Опрокинулось небо в глубокий озёрный кувшин,
Опалённое солнцем, зажглось негасимой лампадой
И ласкается к склонам моих безутешных вершин,
Мироточащих слёзы в тягучий каскад водопадов.
Я веками дремлю над спокойной и строгой водой,
Но при полной луне пробуждаются древние своды —
Семь красавиц, застывших заплаканной горной грядой,
Поднимают глаза и хрустальным встают хороводом.
Напевают, кружась, и звенит в тихой песне тоска
О погибших любимых и детях от них нерождённых…
Ты придёшь к их коленям ответы и смыслы искать —
Всё открою тебе, повествуя дыханьем студёным.

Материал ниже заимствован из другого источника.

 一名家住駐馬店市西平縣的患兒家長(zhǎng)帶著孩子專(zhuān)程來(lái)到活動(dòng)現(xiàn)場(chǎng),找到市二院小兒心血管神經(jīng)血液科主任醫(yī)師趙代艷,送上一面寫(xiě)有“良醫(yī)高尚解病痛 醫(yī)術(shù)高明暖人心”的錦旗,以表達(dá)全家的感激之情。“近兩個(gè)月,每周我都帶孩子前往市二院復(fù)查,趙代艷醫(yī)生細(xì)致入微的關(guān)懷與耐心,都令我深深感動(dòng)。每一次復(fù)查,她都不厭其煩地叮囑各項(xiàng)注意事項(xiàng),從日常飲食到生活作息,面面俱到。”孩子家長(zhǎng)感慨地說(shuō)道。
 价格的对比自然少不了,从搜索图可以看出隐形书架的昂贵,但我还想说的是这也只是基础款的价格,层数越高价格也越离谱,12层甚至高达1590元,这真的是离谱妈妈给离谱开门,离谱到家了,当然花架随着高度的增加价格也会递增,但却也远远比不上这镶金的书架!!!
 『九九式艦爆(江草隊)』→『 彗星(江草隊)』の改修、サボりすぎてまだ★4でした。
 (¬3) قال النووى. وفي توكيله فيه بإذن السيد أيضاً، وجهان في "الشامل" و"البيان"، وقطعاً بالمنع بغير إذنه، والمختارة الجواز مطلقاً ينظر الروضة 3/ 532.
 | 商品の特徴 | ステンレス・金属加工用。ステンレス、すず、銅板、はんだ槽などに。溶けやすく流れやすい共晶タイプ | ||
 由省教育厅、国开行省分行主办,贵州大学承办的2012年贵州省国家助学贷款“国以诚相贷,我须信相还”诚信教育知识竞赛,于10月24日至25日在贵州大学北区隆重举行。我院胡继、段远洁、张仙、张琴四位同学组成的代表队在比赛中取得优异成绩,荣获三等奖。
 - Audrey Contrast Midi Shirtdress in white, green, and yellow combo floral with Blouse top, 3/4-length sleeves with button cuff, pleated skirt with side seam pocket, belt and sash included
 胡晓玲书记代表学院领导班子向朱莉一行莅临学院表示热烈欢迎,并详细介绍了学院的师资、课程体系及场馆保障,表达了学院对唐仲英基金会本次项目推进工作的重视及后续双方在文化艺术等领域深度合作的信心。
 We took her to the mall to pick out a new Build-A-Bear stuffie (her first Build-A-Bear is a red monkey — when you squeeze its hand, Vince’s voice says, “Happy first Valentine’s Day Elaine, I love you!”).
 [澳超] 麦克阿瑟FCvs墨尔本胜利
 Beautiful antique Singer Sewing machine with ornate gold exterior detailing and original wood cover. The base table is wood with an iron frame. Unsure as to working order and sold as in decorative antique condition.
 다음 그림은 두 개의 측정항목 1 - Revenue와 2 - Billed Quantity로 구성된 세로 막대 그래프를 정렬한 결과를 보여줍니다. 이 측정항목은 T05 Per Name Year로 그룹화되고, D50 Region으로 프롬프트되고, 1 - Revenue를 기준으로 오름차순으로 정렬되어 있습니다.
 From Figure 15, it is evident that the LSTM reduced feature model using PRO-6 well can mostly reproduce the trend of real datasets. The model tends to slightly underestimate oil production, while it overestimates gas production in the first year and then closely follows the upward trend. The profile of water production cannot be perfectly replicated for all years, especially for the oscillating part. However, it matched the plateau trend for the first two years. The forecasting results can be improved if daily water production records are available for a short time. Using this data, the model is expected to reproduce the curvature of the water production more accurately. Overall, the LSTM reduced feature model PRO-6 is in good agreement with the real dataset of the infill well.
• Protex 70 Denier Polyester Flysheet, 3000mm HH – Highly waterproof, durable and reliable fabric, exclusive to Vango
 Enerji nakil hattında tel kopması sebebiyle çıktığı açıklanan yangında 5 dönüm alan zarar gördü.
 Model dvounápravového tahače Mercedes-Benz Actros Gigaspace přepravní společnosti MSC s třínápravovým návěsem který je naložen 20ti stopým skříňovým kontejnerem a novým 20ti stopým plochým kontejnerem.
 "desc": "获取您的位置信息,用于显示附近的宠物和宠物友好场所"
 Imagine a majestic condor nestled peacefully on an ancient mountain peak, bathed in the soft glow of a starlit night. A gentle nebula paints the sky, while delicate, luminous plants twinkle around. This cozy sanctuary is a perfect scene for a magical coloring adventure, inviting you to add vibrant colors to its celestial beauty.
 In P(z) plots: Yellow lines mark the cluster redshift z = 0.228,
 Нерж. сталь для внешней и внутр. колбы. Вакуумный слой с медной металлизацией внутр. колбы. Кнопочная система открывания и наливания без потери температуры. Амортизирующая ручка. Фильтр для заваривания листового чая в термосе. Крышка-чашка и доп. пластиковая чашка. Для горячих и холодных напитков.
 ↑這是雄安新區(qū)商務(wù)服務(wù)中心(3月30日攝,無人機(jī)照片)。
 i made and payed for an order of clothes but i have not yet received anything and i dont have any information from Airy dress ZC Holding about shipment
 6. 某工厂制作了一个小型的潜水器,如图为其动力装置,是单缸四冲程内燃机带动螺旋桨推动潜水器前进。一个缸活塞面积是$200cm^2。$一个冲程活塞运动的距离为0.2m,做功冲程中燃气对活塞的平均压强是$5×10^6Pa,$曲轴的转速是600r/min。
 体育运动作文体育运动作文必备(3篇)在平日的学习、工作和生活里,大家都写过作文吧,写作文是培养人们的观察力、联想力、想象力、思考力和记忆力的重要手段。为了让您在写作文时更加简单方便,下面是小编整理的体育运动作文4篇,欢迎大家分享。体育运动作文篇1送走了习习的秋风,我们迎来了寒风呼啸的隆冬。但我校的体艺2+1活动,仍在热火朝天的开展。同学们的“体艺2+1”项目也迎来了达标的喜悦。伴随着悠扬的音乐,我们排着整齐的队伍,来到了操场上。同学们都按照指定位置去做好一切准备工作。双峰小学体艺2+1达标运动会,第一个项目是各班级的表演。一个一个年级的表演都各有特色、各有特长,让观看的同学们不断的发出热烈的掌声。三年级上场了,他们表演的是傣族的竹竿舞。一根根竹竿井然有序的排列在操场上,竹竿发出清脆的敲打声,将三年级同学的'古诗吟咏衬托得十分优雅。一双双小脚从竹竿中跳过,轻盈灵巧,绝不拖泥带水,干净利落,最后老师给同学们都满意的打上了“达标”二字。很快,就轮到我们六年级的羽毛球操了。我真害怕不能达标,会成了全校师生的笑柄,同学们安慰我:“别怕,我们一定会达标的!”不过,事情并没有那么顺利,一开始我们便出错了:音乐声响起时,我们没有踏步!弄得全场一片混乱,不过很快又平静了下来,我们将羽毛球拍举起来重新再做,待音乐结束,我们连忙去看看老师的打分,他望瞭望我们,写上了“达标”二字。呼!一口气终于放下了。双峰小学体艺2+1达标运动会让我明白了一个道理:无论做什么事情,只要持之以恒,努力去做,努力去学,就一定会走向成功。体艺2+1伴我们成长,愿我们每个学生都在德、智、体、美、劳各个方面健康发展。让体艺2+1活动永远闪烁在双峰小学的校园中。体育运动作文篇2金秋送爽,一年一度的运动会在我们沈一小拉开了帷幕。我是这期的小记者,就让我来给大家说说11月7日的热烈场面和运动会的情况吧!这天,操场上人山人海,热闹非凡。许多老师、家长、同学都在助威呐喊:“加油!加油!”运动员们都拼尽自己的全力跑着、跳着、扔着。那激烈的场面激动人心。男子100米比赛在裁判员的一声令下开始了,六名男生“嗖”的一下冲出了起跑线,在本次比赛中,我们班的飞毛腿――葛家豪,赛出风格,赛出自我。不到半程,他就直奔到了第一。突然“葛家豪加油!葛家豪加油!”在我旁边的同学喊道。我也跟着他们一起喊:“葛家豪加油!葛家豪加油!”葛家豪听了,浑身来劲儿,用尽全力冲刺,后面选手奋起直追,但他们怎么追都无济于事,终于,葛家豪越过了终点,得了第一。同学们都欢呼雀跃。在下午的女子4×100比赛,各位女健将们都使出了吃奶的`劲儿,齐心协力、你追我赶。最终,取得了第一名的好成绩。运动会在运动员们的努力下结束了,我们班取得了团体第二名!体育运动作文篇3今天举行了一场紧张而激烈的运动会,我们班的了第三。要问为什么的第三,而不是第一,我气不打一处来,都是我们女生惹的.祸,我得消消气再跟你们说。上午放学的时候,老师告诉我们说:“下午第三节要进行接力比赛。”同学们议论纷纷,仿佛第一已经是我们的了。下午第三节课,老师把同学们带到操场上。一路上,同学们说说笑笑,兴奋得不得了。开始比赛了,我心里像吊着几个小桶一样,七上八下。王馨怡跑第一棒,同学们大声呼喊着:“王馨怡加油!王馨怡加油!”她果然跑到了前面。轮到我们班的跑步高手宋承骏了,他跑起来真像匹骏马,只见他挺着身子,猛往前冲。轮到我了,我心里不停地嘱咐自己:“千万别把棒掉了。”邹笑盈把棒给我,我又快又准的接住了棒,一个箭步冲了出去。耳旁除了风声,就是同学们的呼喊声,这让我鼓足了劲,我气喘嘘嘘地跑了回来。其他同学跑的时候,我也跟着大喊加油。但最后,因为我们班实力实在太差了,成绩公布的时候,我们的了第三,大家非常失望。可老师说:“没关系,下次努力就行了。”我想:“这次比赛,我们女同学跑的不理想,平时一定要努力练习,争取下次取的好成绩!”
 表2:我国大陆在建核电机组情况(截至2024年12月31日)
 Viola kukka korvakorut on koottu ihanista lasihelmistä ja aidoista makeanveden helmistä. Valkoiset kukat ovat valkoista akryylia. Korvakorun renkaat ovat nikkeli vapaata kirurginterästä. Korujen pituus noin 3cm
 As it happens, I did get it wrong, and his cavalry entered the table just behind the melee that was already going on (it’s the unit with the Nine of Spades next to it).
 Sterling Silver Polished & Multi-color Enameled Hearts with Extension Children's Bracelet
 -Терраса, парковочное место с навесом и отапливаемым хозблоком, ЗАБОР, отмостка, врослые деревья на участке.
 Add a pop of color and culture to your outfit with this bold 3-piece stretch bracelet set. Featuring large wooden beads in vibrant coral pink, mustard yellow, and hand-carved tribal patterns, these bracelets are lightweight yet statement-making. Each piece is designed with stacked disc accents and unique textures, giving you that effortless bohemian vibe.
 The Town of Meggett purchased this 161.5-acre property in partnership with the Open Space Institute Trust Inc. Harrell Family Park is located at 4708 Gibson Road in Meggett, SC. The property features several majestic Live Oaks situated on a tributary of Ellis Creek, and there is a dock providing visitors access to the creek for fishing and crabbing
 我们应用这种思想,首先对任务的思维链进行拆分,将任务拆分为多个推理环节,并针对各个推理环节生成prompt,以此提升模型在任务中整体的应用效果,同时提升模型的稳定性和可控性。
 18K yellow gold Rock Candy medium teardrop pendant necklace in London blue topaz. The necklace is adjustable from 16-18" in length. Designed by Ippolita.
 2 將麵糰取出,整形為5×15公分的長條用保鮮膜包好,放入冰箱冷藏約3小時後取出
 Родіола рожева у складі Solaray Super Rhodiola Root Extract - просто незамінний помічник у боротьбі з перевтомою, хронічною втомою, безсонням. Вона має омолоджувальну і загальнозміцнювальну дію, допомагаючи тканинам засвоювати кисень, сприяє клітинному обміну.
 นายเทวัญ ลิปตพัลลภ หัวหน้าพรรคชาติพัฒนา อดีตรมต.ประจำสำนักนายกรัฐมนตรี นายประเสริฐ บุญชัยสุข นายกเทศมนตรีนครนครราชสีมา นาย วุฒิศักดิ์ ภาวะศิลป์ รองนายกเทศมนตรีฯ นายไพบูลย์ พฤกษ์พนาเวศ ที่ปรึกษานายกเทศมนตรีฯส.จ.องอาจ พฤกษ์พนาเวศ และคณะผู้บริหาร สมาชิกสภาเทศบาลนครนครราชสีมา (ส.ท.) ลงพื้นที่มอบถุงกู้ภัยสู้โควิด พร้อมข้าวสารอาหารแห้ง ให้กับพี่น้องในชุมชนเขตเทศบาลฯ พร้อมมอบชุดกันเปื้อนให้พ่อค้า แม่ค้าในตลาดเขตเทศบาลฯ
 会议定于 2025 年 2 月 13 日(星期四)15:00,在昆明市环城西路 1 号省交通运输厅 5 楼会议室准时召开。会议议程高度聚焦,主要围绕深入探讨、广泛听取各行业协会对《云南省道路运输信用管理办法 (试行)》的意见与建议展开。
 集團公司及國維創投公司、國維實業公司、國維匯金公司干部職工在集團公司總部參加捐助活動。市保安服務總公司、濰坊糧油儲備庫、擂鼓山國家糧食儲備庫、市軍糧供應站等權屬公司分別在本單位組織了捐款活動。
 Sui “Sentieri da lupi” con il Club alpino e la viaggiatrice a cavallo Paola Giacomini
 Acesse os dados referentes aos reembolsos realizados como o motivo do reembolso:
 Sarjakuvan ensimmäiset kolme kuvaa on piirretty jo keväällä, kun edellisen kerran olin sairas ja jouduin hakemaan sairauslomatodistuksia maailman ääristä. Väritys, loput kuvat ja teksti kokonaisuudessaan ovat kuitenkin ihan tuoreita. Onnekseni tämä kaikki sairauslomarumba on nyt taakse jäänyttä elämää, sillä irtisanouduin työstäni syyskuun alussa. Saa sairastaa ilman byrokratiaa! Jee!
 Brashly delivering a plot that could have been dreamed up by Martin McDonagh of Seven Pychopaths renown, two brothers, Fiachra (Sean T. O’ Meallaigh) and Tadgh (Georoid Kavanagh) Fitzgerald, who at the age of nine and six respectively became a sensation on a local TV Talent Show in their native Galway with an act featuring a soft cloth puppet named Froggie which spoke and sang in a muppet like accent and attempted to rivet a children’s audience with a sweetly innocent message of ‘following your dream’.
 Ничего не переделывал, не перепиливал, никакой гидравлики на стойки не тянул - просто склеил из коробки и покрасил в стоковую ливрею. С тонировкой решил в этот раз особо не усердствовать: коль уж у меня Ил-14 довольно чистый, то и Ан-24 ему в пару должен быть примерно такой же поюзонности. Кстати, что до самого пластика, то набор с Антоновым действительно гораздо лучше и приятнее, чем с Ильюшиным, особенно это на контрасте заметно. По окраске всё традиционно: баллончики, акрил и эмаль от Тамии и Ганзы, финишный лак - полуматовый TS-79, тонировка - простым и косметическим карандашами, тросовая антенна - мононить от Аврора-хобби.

Поднимись, дотянись до моих антрацитовых плеч —
Я тебя посвящу в заповедные тайны и бездны.
Обратив в нашу веру, я душу твою уберечь
Помогу от костра и не дам ей бесследно исчезнуть.
Прикоснись к драгоценным подаркам таёжной земли:
Я тебя напою ароматом и мудростью кедров,
Обниму семицветным сияньем туманов хмельных,
Покажу беспросветных пещер баснословные недра.
Ты уйдёшь от меня, исцелённым, прощённым, иным,
На прощанье лишь выдохнув эхом сакральное: «Корбу…»
Только в сердце твоём не останется стрел для войны —
В нём навеки Алтай и мои сероглазые горы.